COLLECTED MATERIAL>
Segment Open
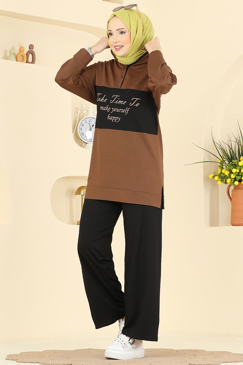 Önü Baskı Detaylı Takım Kahve&Siyah
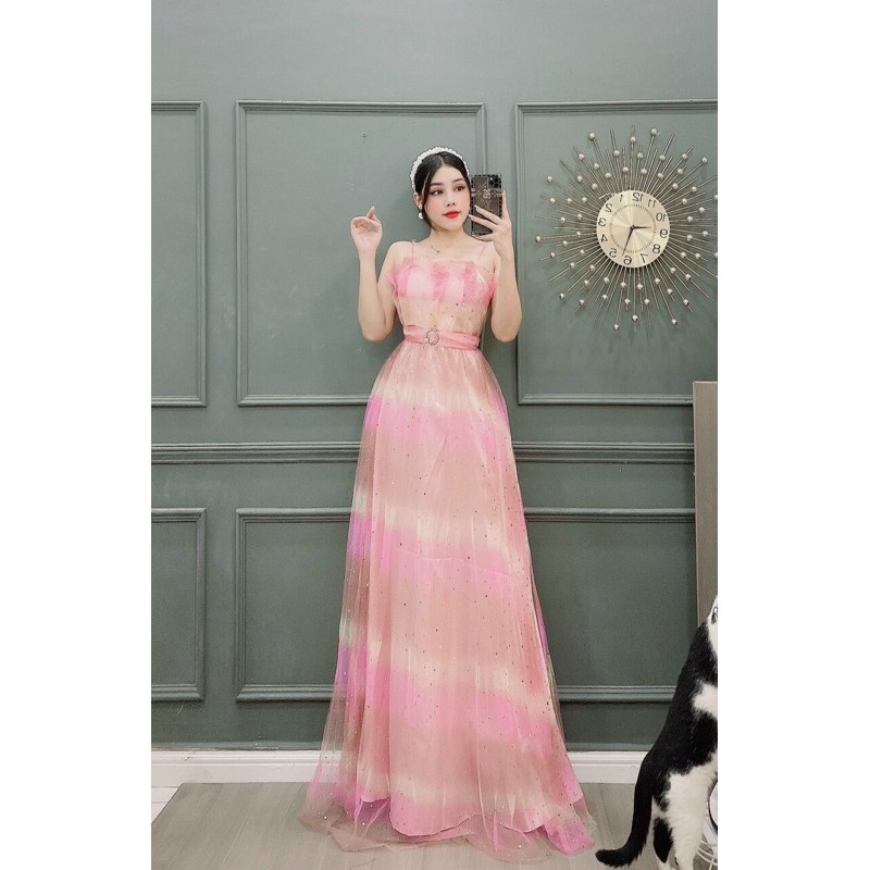Thời Trang Nữ > Đồ liền thân > Đồ bay (Jumpsuits) || ĐẦM LƯỚI CẦU VỒNG 2 DÂY KHOEN EO HOA CÚC
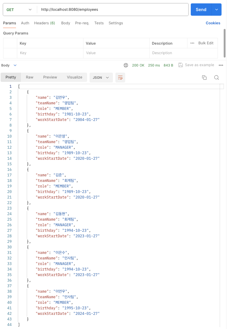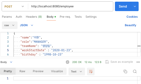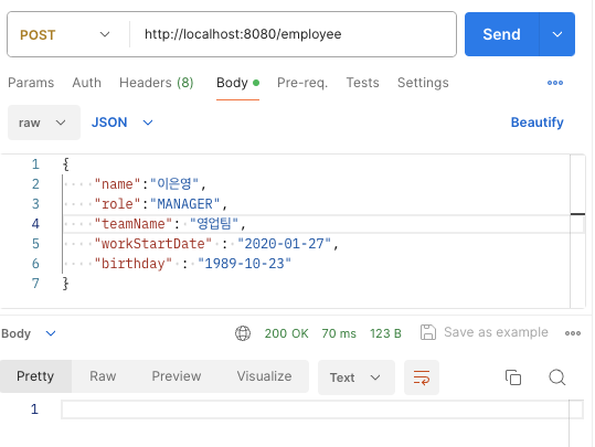 - HTTP Param > body, String name, String role, String temaName, LocalDate workStartDate, LocalDate birthday
Segment Closed
WHAT IS NEEDED>
Leave the pictures out, and print every line of the listing exactly as written.

ANSWER BOX>
 Önü Baskı Detaylı Takım Kahve&Siyah
Thời Trang Nữ > Đồ liền thân > Đồ bay (Jumpsuits) || ĐẦM LƯỚI CẦU VỒNG 2 DÂY KHOEN EO HOA CÚC
 - HTTP Param > body, String name, String role, String temaName, LocalDate workStartDate, LocalDate birthday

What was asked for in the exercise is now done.